EXERCISE
Give again, word for word, only the lines of the material below from its first line through the one that holds "Autumn street design"; pictures stay out.

DATA EXCERPT
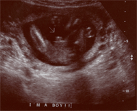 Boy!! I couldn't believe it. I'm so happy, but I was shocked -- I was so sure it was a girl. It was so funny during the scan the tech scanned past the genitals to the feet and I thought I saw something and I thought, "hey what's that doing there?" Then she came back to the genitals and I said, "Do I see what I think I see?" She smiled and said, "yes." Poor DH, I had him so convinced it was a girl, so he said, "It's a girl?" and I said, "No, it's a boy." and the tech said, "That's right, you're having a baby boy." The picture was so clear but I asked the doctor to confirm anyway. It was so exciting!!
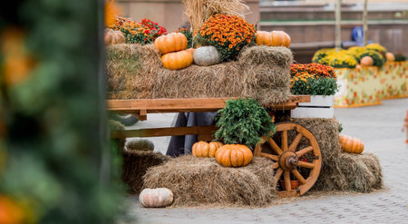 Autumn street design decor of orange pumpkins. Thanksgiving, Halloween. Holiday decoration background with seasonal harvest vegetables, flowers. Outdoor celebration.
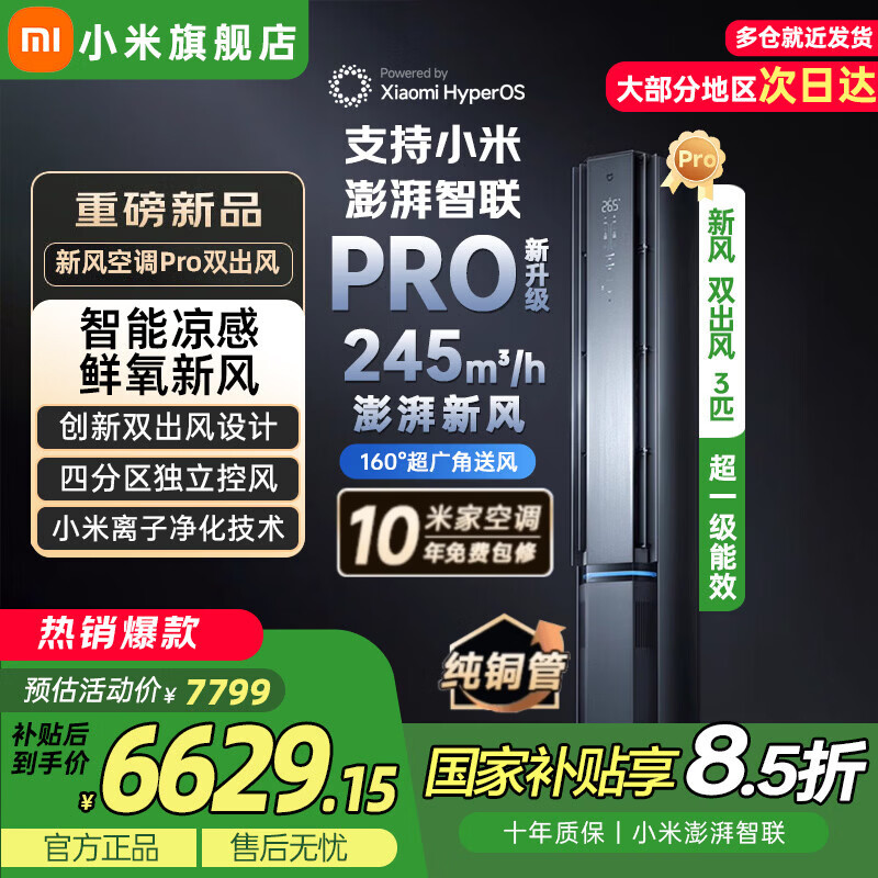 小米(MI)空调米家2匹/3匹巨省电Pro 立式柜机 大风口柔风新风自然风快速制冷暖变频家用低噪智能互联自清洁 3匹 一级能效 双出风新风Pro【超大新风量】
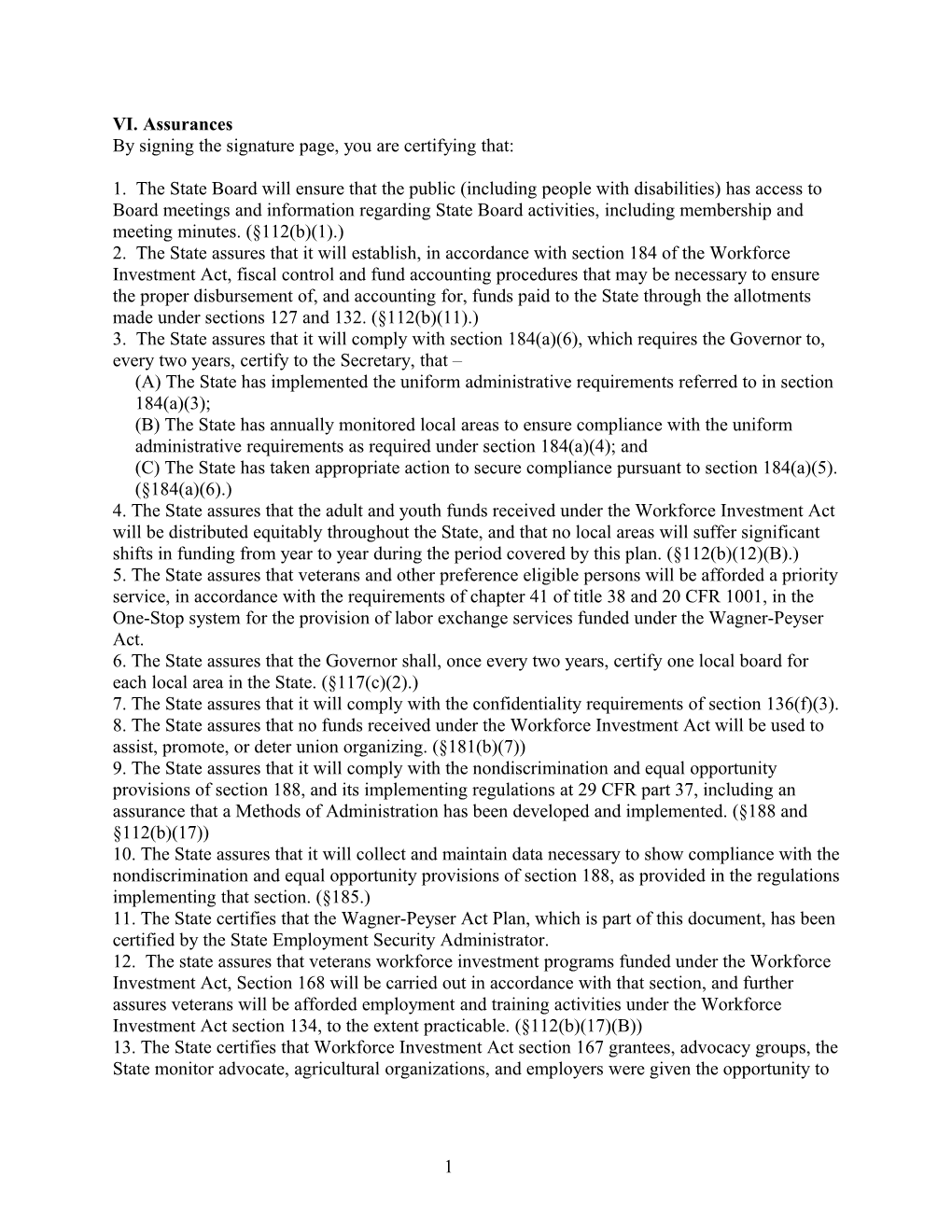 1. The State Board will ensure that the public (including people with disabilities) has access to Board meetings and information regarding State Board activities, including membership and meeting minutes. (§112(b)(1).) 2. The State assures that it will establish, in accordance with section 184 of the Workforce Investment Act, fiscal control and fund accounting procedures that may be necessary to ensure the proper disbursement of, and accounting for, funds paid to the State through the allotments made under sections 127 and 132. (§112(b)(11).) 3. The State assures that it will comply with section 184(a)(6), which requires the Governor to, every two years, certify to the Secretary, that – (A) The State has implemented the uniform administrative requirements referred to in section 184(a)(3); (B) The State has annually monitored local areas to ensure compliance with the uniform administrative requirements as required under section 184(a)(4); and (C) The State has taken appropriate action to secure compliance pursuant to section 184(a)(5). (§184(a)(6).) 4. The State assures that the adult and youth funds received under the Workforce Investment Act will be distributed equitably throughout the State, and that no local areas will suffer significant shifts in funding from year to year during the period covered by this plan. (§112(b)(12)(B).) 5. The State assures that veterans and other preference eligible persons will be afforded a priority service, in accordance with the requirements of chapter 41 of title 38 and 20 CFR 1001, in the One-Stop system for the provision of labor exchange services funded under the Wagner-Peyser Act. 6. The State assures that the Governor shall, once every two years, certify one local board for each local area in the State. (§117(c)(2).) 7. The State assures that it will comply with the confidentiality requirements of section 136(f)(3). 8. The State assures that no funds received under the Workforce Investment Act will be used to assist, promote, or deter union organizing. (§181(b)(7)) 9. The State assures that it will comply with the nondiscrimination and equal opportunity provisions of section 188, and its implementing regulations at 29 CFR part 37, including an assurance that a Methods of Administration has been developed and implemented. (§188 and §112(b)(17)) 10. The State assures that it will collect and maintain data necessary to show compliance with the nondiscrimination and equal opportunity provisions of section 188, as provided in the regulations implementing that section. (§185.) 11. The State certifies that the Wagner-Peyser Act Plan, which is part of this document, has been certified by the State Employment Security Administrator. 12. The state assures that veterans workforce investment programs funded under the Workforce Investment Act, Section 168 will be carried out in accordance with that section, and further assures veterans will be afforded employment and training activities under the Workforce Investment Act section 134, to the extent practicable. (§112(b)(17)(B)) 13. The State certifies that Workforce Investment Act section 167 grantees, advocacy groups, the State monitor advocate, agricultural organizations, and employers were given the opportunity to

EXERCISE ANSWER
 Boy!! I couldn't believe it. I'm so happy, but I was shocked -- I was so sure it was a girl. It was so funny during the scan the tech scanned past the genitals to the feet and I thought I saw something and I thought, "hey what's that doing there?" Then she came back to the genitals and I said, "Do I see what I think I see?" She smiled and said, "yes." Poor DH, I had him so convinced it was a girl, so he said, "It's a girl?" and I said, "No, it's a boy." and the tech said, "That's right, you're having a baby boy." The picture was so clear but I asked the doctor to confirm anyway. It was so exciting!!
 Autumn street design decor of orange pumpkins. Thanksgiving, Halloween. Holiday decoration background with seasonal harvest vegetables, flowers. Outdoor celebration.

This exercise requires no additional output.